The problem with 'bandwidth-hogs', from that assumption, is that ISPs oversell pieces of their pie based on some equation of how many people use how much.

I've never understood why one can sell "up to 5 Mb/s", and then sanction your customers who used their service to that extent.

It's like dangling a carrot in front of their face and smacking them when they get too close.

1 comments

Bandwidth over the course of seconds and bandwidth over the course of days are not comparable. If you are using the fast bandwidth provided to download a file and have it nearly instantly, that's great. It is wonderful to be able to watch YouTube videos without buffering, to get entire webpages in the blink of an eye, and to install an OS over the network without wishing you had splurged for the Cd's. But as soon as you provide something like that, you get some asshole who thinks that it is then his right to use that speed /constantly/, doing nothing but downloading files day and night.

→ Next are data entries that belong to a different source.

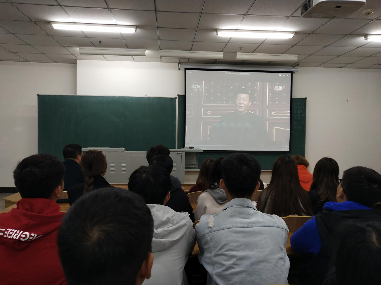 在建国70周年大会上,习近平总书记阐明了新中国成立历史的重要意义,新征程的大政方针,要始终坚持和平发展道路,奉行互利共赢的发展战略,继续同世界各国人民一道推动共建人类命运共同体。习总书记强调,前进征程上要坚持共产党领导,坚持人民主体地位,全面贯彻执行党的基本理论、基本路线、基本方略。在今天,没有任何力量能够撼动我们伟大祖国的地位,没有任何力量能够阻挡中国人民和中华民族的前进步伐。观看过程中同学们精神饱满,观看现场气氛热烈。
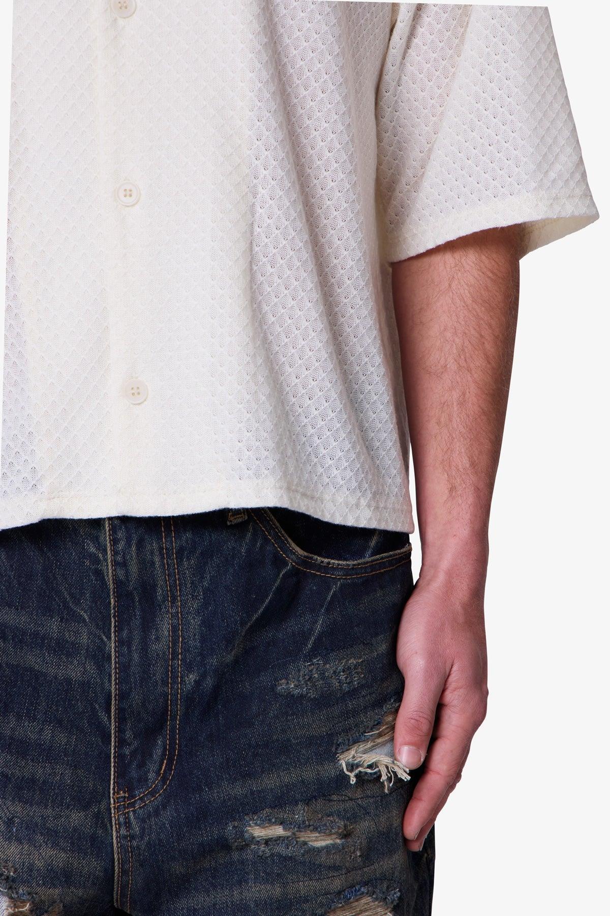 Constructed from a stock-dyed knit blend of 92% polyester and 8% spandex, the Diamond Knit Shirt features a cropped, boxy, and wide fit. Designed with a textured diamond knit pattern, it includes a notched collar and full button closure. details Cropped, boxy, wide fit 92% Polyester 8% Spandex knit Diamond knit pattern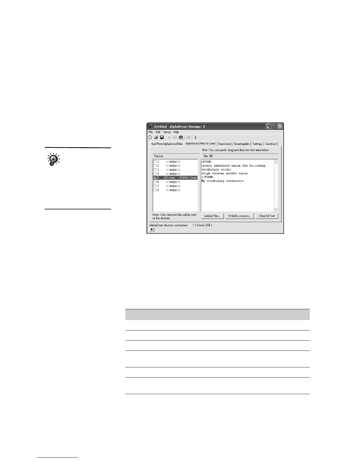 2. Click the AlphaWord Files to Send tab.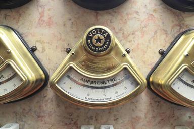 Keywords: portugal lisbon electricity museum ampmeter ampere instrument scale needle measure copper volta power plant generation generator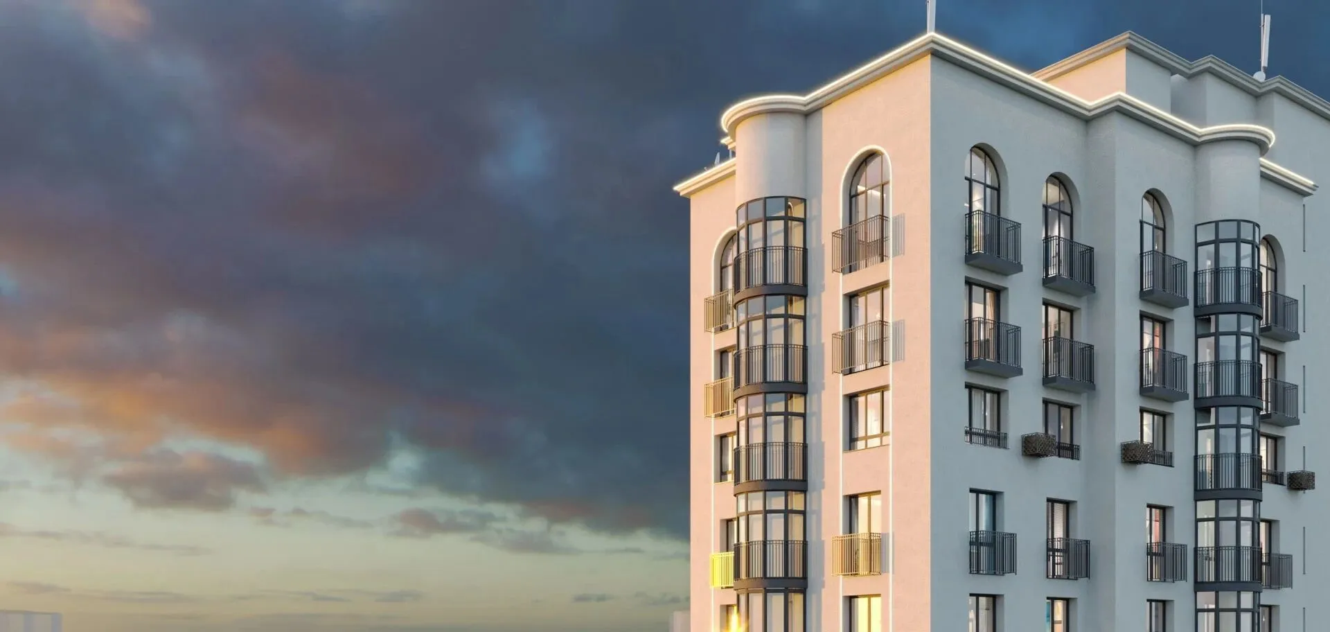 Комплекс состоит из двух монолитно-кирпичных корпусов высотой от 8 до 17 этажей. Всего в проекте 654 квартиры: студии, однокомнатные, двухкомнатные, трёхкомнатные и четырёхкомнатные. Высота потолков — от 2,77 до 3,67 м. Среди планировок — квартиры с окном в ванной, французскими балконами, арочными окнами, витражными эркерами, двухуровневые квартиры с террасами и квартиры с отдельным входом с улицы. Квартиры сдаются с чистовой отделкой или в состоянии white box (предчистовая отделка: белая гипсовая штукатурка, стяжка на полу, двухкамерные стеклопакеты, разводка электрики, металлическая входная дверь и установленные радиаторы).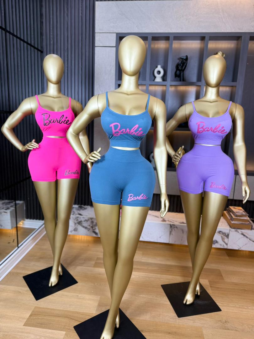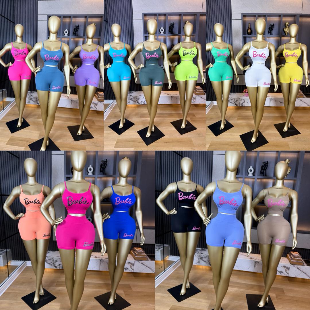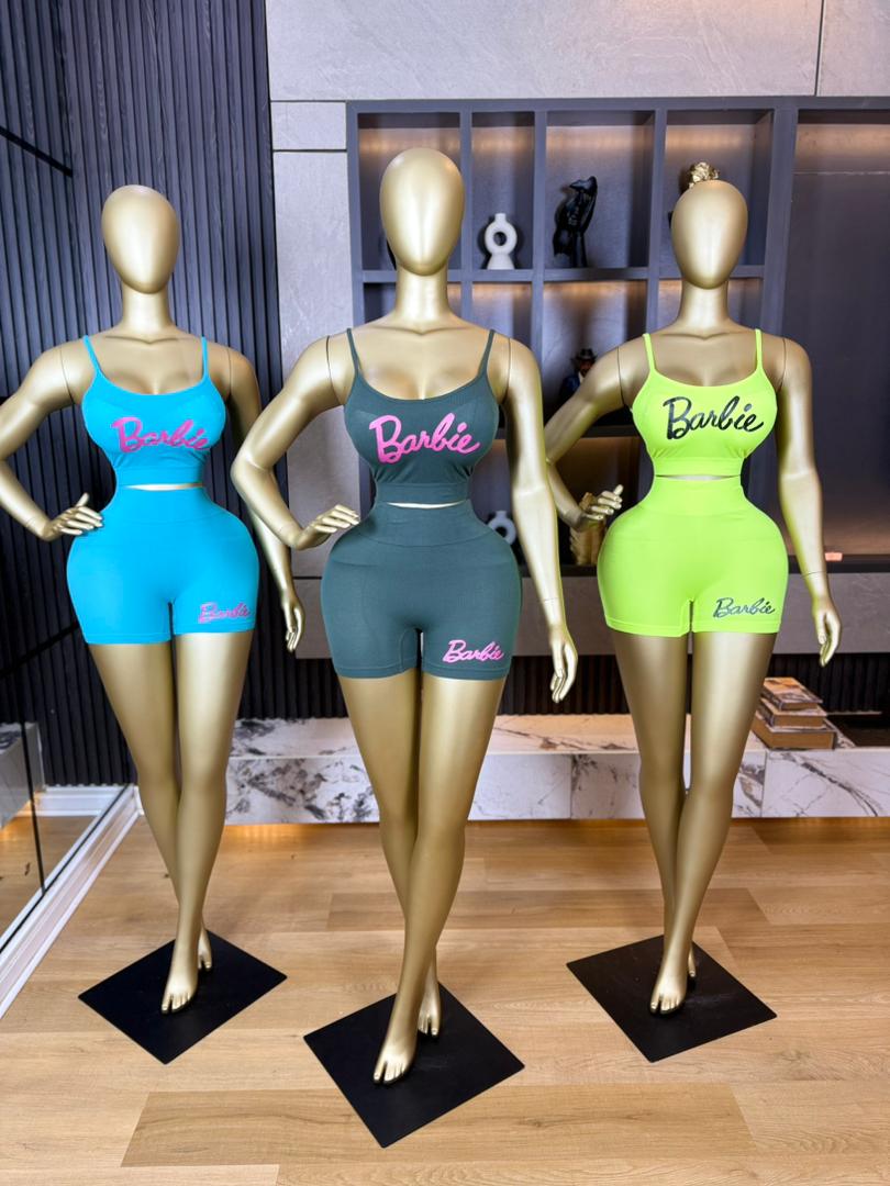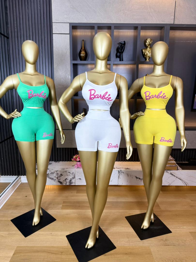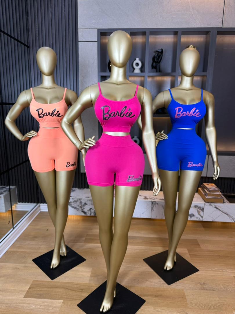 Fitted two-piece outfit, It features a cropped spaghetti-strap top with a scoop neckline and a high-waisted pair of mid-thigh shorts. The set is body-hugging, made from stretchy activewear-style fabric, and has a pink “Barbie” logo on both the top and shorts. It comes in black, light blue, and beige.

If everyone does this, there is no more bandwidth to go around: the expectation is that users will use "up to 5MB/s" only for a few seconds, not for days at a time. You might even say a fair allotment of the finite bandwidth resource might be "5MB/s, or 100MB/min, or 1GB/hour", despite those numbers not even remotely multiplying out. And this is, in fact, how many ISP's are now trying to solve the problem of people who don't understand the concept of sharing: "burst rates", where as you use bandwidth it slows down over short time spans.